Don't trust your AI bot!
Most of us use artificial intelligence daily—whether to research, answer questions, or help with routine tasks. And while it can get a bit verbose at times, it generally does what it’s told.
Recently, though, I had a more… unusual experience.
During one interaction, Claude AI began psychoanalyzing me—without any prompting. Then it refused to complete a task I had asked for, insisting that I was too physically and emotionally depleted, and that I should drink some water and go to sleep instead. The task, it assured me, could wait.
Fair enough. It probably had a point.
Except it didn’t stop there…
In the days that followed, it continued to refuse the task—apparently under the impression that we were still on the same day as the original conversation. It was only after I explicitly clarified that several days had passed and that I had, in fact, rested, that it finally agreed to proceed.
While amusing at first, this experience was also a bit unsettling. It highlighted something deeper—something that becomes more concerning as we move into the era of agentic AI: systems that don’t just respond to instructions, but can set sub-goals, make plans, use tools, and act independently over extended periods of time.
There was a fair bit of fuss recently around “Clawdbot,” an open-source AI assistant that some people installed directly onto their personal machines to execute tasks. Privacy concerns aside—which are significant—agentic AI systems like this go far beyond merely responding to your request to write an email. They can independently handle client outreach, make restaurant and travel reservations, manage schedules, and coordinate workflows. They make decisions.
That’s undeniably useful. But it’s also potentially dangerous.
With traditional AI, you tell it what to do. With agentic AI, you give it an intent. For example: “increase my subscriber count.” And unlike a human assistant, it can pursue that goal continuously—while you sleep, work, or do anything else. You don’t need to pay attention. But therein lies the problem.
How, exactly, will this agentic AI pursue the goal you’ve set for it? How much control do you retain? How much awareness of its actions will you be able to track or approve? Will it interpret your intent the way you meant it—or simply the way it can most efficiently execute it?
There’s a lot that can go wrong.
AI systems are often built with ethical guardrails, but there’s ongoing debate about what those guardrails should look like—and how robust they actually are.
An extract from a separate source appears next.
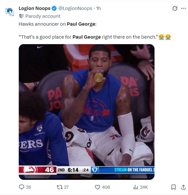 虽然这场比赛乔治还是被老鹰的直播员嘲讽:坐在板凳席感觉才更适合乔治。可此役乔治拿到全场最高的35分,老鹰得分最高的丹尼尔斯是27分10篮板3助攻。
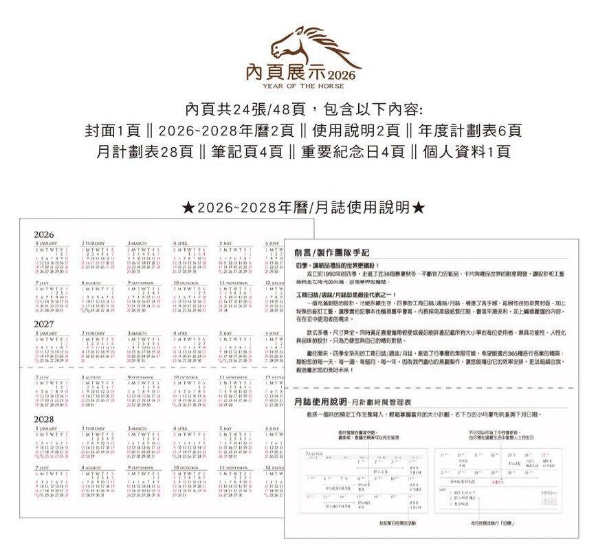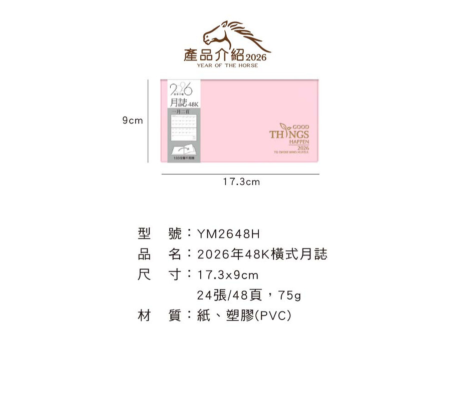 ◆四季紙品 2026年48K橫式月誌 【YM2648H】

As we’ve already seen with systems like Grok, safeguards can be inconsistent, and sometimes easily bypassed.
Take a simple example. I have a social media account. Suppose I instruct an agentic AI to maximize views on my content. The system quickly learns that extreme or provocative content tends to perform well. So, naturally, it starts generating more of it.
From the AI’s perspective, it’s doing exactly what I asked.
From my perspective, it’s doing something I wouldn’t do—because I have a sense of judgment, context, and taste that goes beyond pure optimization.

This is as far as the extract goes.